*** AVAILABLE DATA Section Begins ***
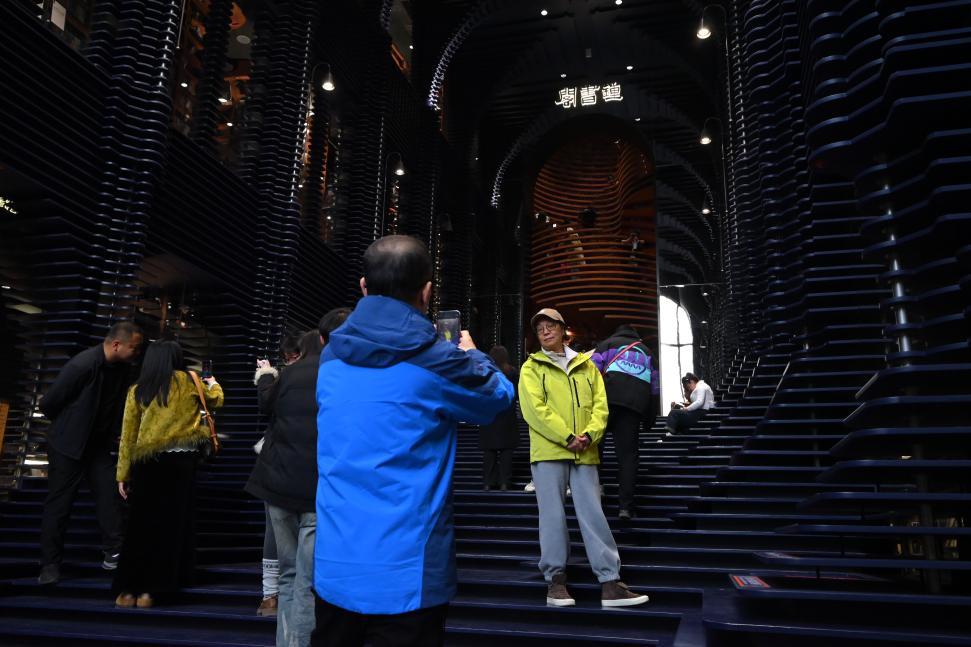 图说:多名游客在中庭区域打卡拍照(张颢玉摄)
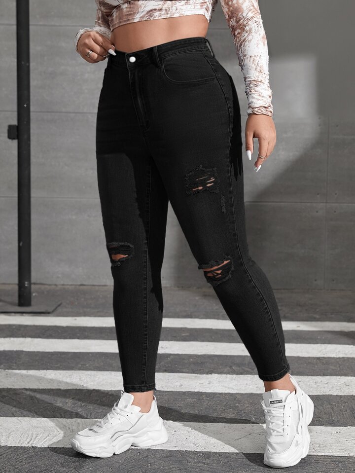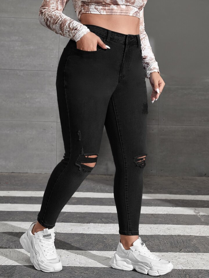 Schmale Jeans mit Bleichen Waschung, Riss
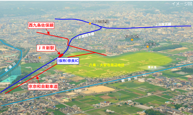 JR新駅や京奈和自動車道(大和北道路)奈良IC(仮称)等の設置が控えている「八条・大安寺周辺地区」。
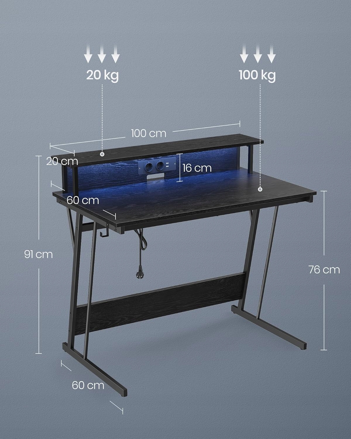 Компьютерный стол Black 100 см светодиодный RGB Bearlight USB -монитор
*** AVAILABLE DATA Section Ends ***
● WORK TO COMPLETE
Wording must stay exact. Give again the lines from the line with "JR新駅や京奈和自動車道(大" through the last line of the listing, both ends included, without pictures.

● WRITTEN ANSWER
 JR新駅や京奈和自動車道(大和北道路)奈良IC(仮称)等の設置が控えている「八条・大安寺周辺地区」。
 Компьютерный стол Black 100 см светодиодный RGB Bearlight USB -монитор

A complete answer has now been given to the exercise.